Your task
The records below are to be output exactly, except for their pictures.

Data records

########################################

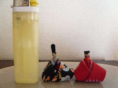 黒と赤の縮緬で ひな人形になりました(*^_^*)
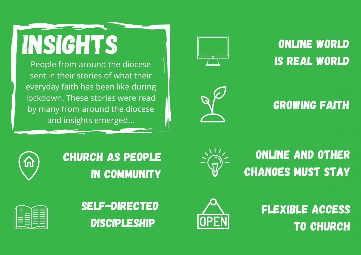 People from around the diocese sent in their stories of what their everyday faith has been like during lockdown, as part of the Shaped By God Together Process. These stories were read by many from around the diocese and insights emerged...
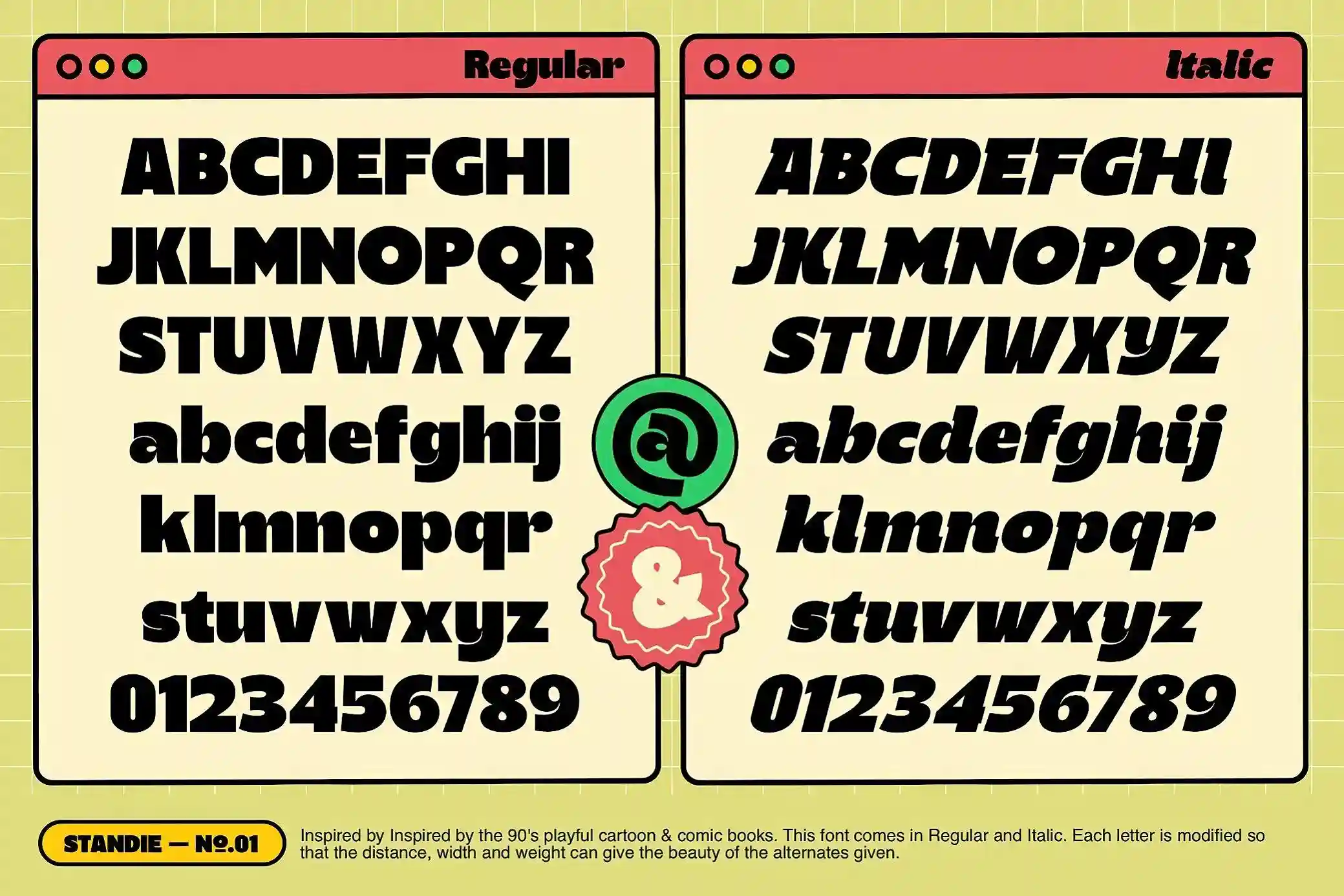 With its bold personality and versatile features, Standie is the perfect choice for designers looking to create playful and engaging visuals. Download now and make your typography stand out!
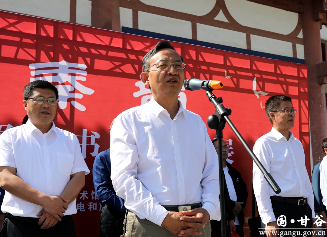 王振宇在致辞中表示,书画艺术源远流长,深受人民群众喜爱,具有良好的群众基础。希望广大书画家以更加饱满的热情,更加勤奋的努力,创作出更多更好的书画作品,为推动甘谷文化大发展、大繁荣做出新的更大的贡献。
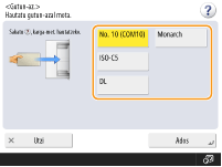 Ezin da hautatu gutun-azal paper-mota <Paper mota>-ren xehetasun-pantailan. Gutun-azal paper mota hautatzeko, erregistratu paper mota <Gorde gogoko papera (erabilera anitzeko erretilua)> aukeran, sakatu <Gogoko papera>, 2. pausoan
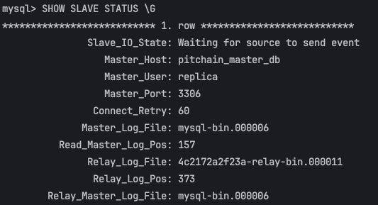 이제 replica db로 접속하여 연동을 마무리 해줘야 한다.
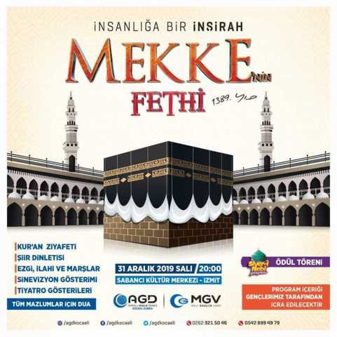 31 Aralık 2019 Salı akşamı 19:30’da tüm halkımızı çocukları ile birlikte kendilerine en yakın noktada Anadolu Gençlik Derneği tarafından düzenlenen Mekke’nin Fethi Programlarına davet ediyoruz.
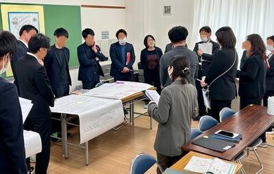 放課後は、先生方が集まって授業に関して協議をしました。講師を交えながら、自由に発言でき、認め合える雰囲気があります。
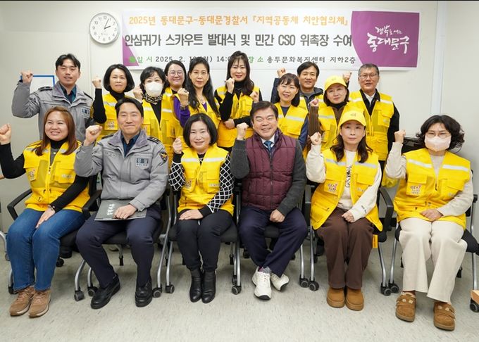 지난 10일 동대문구는 올해 선발된 안심귀가 스카우트 13명을 대상으로 발대식 및 근무 기본 교육을 진행했다. 구는 2022년부터 전국 최초로 지역 경찰서와 협업해 스카우트 대원들을 민간 순찰대원으로 위촉했다. 올해도 대원들은 경찰서와 협력해 지역 안전을 책임지는 민간 순찰대원 역할을 수행할 예정이다.
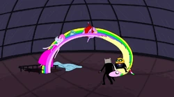 En el observatorio, Finn se ve acorralado por la luz, sólo para descubrir que se trata de Jake con Arcoiris, quien tenía a todos los invitados en su cuerpo. Jake revela que él sabía sobre el plan de Finn hace meses atrás y junto con Arcoiris planeó todo eso. Finn le pregunta sobre el monstruo que vio, y Jake cree que él sólo estaba imaginándolo por miedo y se van. Después de salir del castillo, Finn recuerda al monstruo que vio y decide ponerlo en "la bóveda", y decide olvidarse de él.
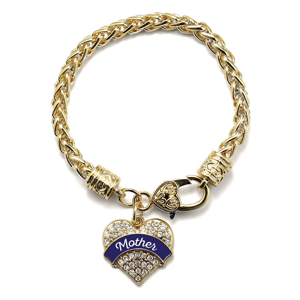 Our sparkling braided bracelet, equipped with a stylish lobster claw clasp and the Navy Blue Mother pave heart charm, is crafted from white metal with a gold plated finish and accented with cubic zirconia stones.
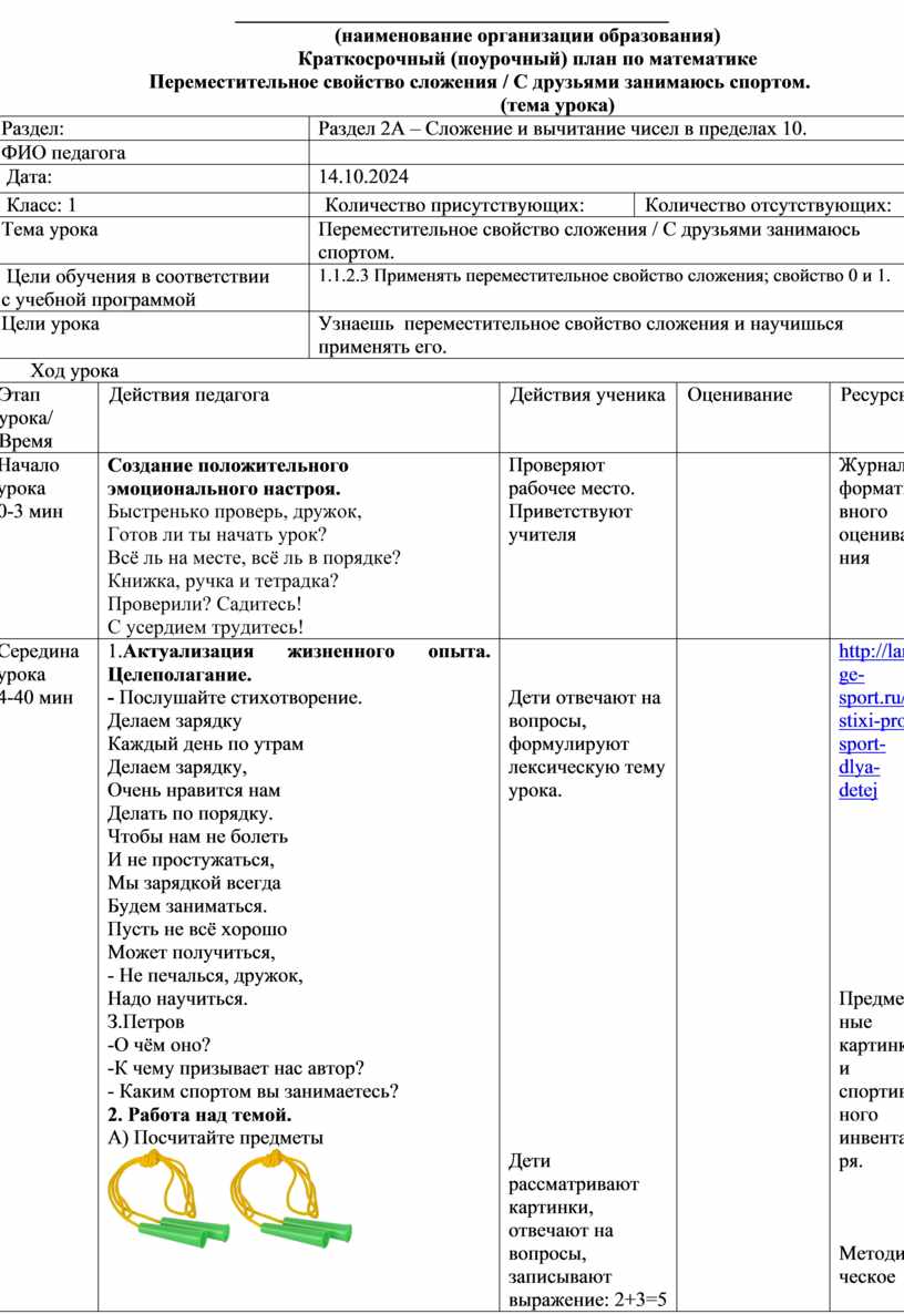 -Сколько мячей? -А скакалок? -Как запишем выражение? -Подумайте, почему значение суммы одинаковое? Вывод: От перестановки мест слагаемых значение суммы не изменяется. Физминутка 3. Работа по учебнику А) с.72 № 1 -Сравните рисунки. -Что заметили? - Как называется это свойство? -Посмотрите анимацию по QR-коду. - Повторите вместе с Алией и Тимуром новое правило. Б) с.73 № 2 -Рассмотрите рисунок. Как выполнено сложение? Подтверждается ли переместительное свойство сложения? В) Самостоятельная работа с самопроверкой по образцу. - Объясните, как составлены примеры. -Составьте примеры по образцу. - Проверьте работы по эталону. Г) Математика в жизни. С.73 № 4 -Какие суммы подходят к рисункам? Физминутка 4.Работа в тетради на печатной основе. 1. Составьте суммы и разности по рисункам.
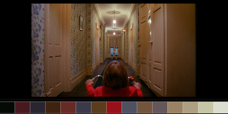 Таким образом, в «Сиянии» трекинг-шот — не просто технический приём, а ключевой элемент нарратива, который формирует напряжение, пространственное восприятие и психологическое состояние зрителя. Но важно понимать, что киноприем не существует в вакууме. На восприятие отрывков влиет совокупность множества факторов. Например, цветовая палитра.
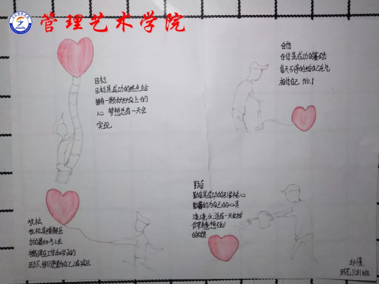 环艺1182班龚雅、谢双、严明月:心理压力对于一个积极的人来说,可以激发他的潜力,让他变得更优秀。
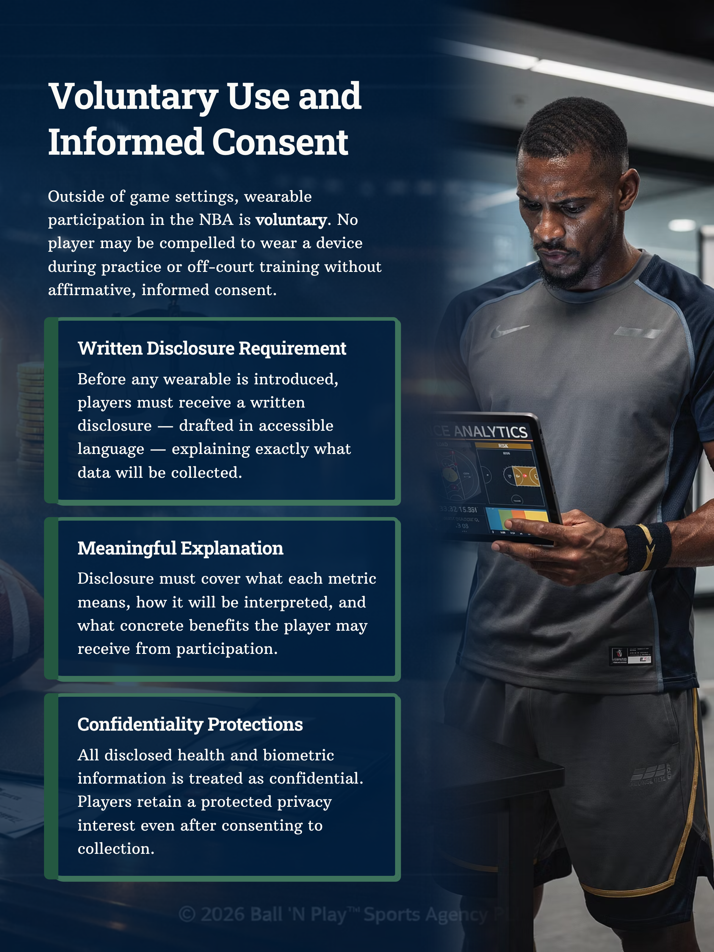 The player-protective core of the NBA’s wearable provisions appears in the voluntariness and use-restriction rules. Teams may request players to use approved wearables only on a voluntary basis in practice or other non-game settings. Players may decline to use a wearable or discontinue use at any time. Before a team can request wearable use, it must provide the player a written confidential explanation of what the device measures, what each measurement means, and the benefits to the player in obtaining the data.^5 These provisions operate as informed-consent safeguards within a workplace where formal consent is often strained by power asymmetry, roster pressure, and medical dependence.
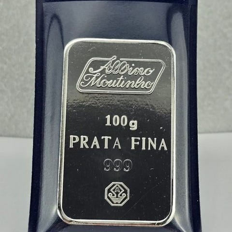 Ruwe, gietet sølvarmaturet (poured bar) fra en professionel raffineringproces, stammer fra det anerkendte portugisiske laboratorium Albino Moutinho.
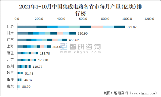 2021年1-10月中國集成電路各省市每月產(chǎn)量排行榜
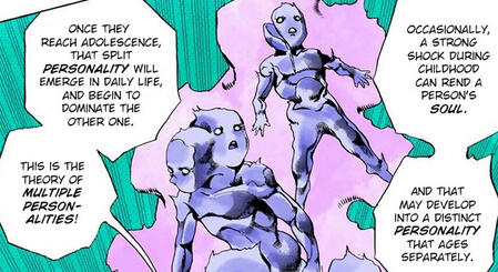 One thing that's striking with Diavolo and Doppio is the very physical way their DID is described and depicted. As souls are a tangible element of a person in the series, DID is explained as when a growing soul sustains so much "shock" in early childhood that it tears while developing and grows into two separate souls instead. DID could be pictured almost like a physical condition here- these souls are in completely severed pieces, able to function and be taken out of the body separately.
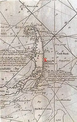 If Bellamy intended to revisit his lover Maria Hallett, he failed.[5] The Whydah was swept up in a violent nor'easter storm off Cape Cod at midnight, on 26 April 1717, and was driven onto the sand bar shoals in 16 feet (4.9 m) of water some 500 feet (150 m) from the coast of what is now Wellfleet, Massachusetts. At 15 minutes past midnight, the masts snapped and drew the heavily loaded ship into 30 feet (9.1 m) of water, where she capsized and quickly sank, taking Bellamy and all but two of the Whydah's 146-man crew with her.[21]

########################################

Solution to this exercise
 黒と赤の縮緬で ひな人形になりました(*^_^*)
 People from around the diocese sent in their stories of what their everyday faith has been like during lockdown, as part of the Shaped By God Together Process. These stories were read by many from around the diocese and insights emerged...
 With its bold personality and versatile features, Standie is the perfect choice for designers looking to create playful and engaging visuals. Download now and make your typography stand out!
 王振宇在致辞中表示,书画艺术源远流长,深受人民群众喜爱,具有良好的群众基础。希望广大书画家以更加饱满的热情,更加勤奋的努力,创作出更多更好的书画作品,为推动甘谷文化大发展、大繁荣做出新的更大的贡献。
 Ezin da hautatu gutun-azal paper-mota <Paper mota>-ren xehetasun-pantailan. Gutun-azal paper mota hautatzeko, erregistratu paper mota <Gorde gogoko papera (erabilera anitzeko erretilua)> aukeran, sakatu <Gogoko papera>, 2. pausoan
 이제 replica db로 접속하여 연동을 마무리 해줘야 한다.
 31 Aralık 2019 Salı akşamı 19:30’da tüm halkımızı çocukları ile birlikte kendilerine en yakın noktada Anadolu Gençlik Derneği tarafından düzenlenen Mekke’nin Fethi Programlarına davet ediyoruz.
 放課後は、先生方が集まって授業に関して協議をしました。講師を交えながら、自由に発言でき、認め合える雰囲気があります。
 지난 10일 동대문구는 올해 선발된 안심귀가 스카우트 13명을 대상으로 발대식 및 근무 기본 교육을 진행했다. 구는 2022년부터 전국 최초로 지역 경찰서와 협업해 스카우트 대원들을 민간 순찰대원으로 위촉했다. 올해도 대원들은 경찰서와 협력해 지역 안전을 책임지는 민간 순찰대원 역할을 수행할 예정이다.
 En el observatorio, Finn se ve acorralado por la luz, sólo para descubrir que se trata de Jake con Arcoiris, quien tenía a todos los invitados en su cuerpo. Jake revela que él sabía sobre el plan de Finn hace meses atrás y junto con Arcoiris planeó todo eso. Finn le pregunta sobre el monstruo que vio, y Jake cree que él sólo estaba imaginándolo por miedo y se van. Después de salir del castillo, Finn recuerda al monstruo que vio y decide ponerlo en "la bóveda", y decide olvidarse de él.
 Our sparkling braided bracelet, equipped with a stylish lobster claw clasp and the Navy Blue Mother pave heart charm, is crafted from white metal with a gold plated finish and accented with cubic zirconia stones.
 -Сколько мячей? -А скакалок? -Как запишем выражение? -Подумайте, почему значение суммы одинаковое? Вывод: От перестановки мест слагаемых значение суммы не изменяется. Физминутка 3. Работа по учебнику А) с.72 № 1 -Сравните рисунки. -Что заметили? - Как называется это свойство? -Посмотрите анимацию по QR-коду. - Повторите вместе с Алией и Тимуром новое правило. Б) с.73 № 2 -Рассмотрите рисунок. Как выполнено сложение? Подтверждается ли переместительное свойство сложения? В) Самостоятельная работа с самопроверкой по образцу. - Объясните, как составлены примеры. -Составьте примеры по образцу. - Проверьте работы по эталону. Г) Математика в жизни. С.73 № 4 -Какие суммы подходят к рисункам? Физминутка 4.Работа в тетради на печатной основе. 1. Составьте суммы и разности по рисункам.
 Таким образом, в «Сиянии» трекинг-шот — не просто технический приём, а ключевой элемент нарратива, который формирует напряжение, пространственное восприятие и психологическое состояние зрителя. Но важно понимать, что киноприем не существует в вакууме. На восприятие отрывков влиет совокупность множества факторов. Например, цветовая палитра.
 环艺1182班龚雅、谢双、严明月:心理压力对于一个积极的人来说,可以激发他的潜力,让他变得更优秀。
 The player-protective core of the NBA’s wearable provisions appears in the voluntariness and use-restriction rules. Teams may request players to use approved wearables only on a voluntary basis in practice or other non-game settings. Players may decline to use a wearable or discontinue use at any time. Before a team can request wearable use, it must provide the player a written confidential explanation of what the device measures, what each measurement means, and the benefits to the player in obtaining the data.^5 These provisions operate as informed-consent safeguards within a workplace where formal consent is often strained by power asymmetry, roster pressure, and medical dependence.
 Ruwe, gietet sølvarmaturet (poured bar) fra en professionel raffineringproces, stammer fra det anerkendte portugisiske laboratorium Albino Moutinho.
 2021年1-10月中國集成電路各省市每月產(chǎn)量排行榜
 One thing that's striking with Diavolo and Doppio is the very physical way their DID is described and depicted. As souls are a tangible element of a person in the series, DID is explained as when a growing soul sustains so much "shock" in early childhood that it tears while developing and grows into two separate souls instead. DID could be pictured almost like a physical condition here- these souls are in completely severed pieces, able to function and be taken out of the body separately.
 If Bellamy intended to revisit his lover Maria Hallett, he failed.[5] The Whydah was swept up in a violent nor'easter storm off Cape Cod at midnight, on 26 April 1717, and was driven onto the sand bar shoals in 16 feet (4.9 m) of water some 500 feet (150 m) from the coast of what is now Wellfleet, Massachusetts. At 15 minutes past midnight, the masts snapped and drew the heavily loaded ship into 30 feet (9.1 m) of water, where she capsized and quickly sank, taking Bellamy and all but two of the Whydah's 146-man crew with her.[21]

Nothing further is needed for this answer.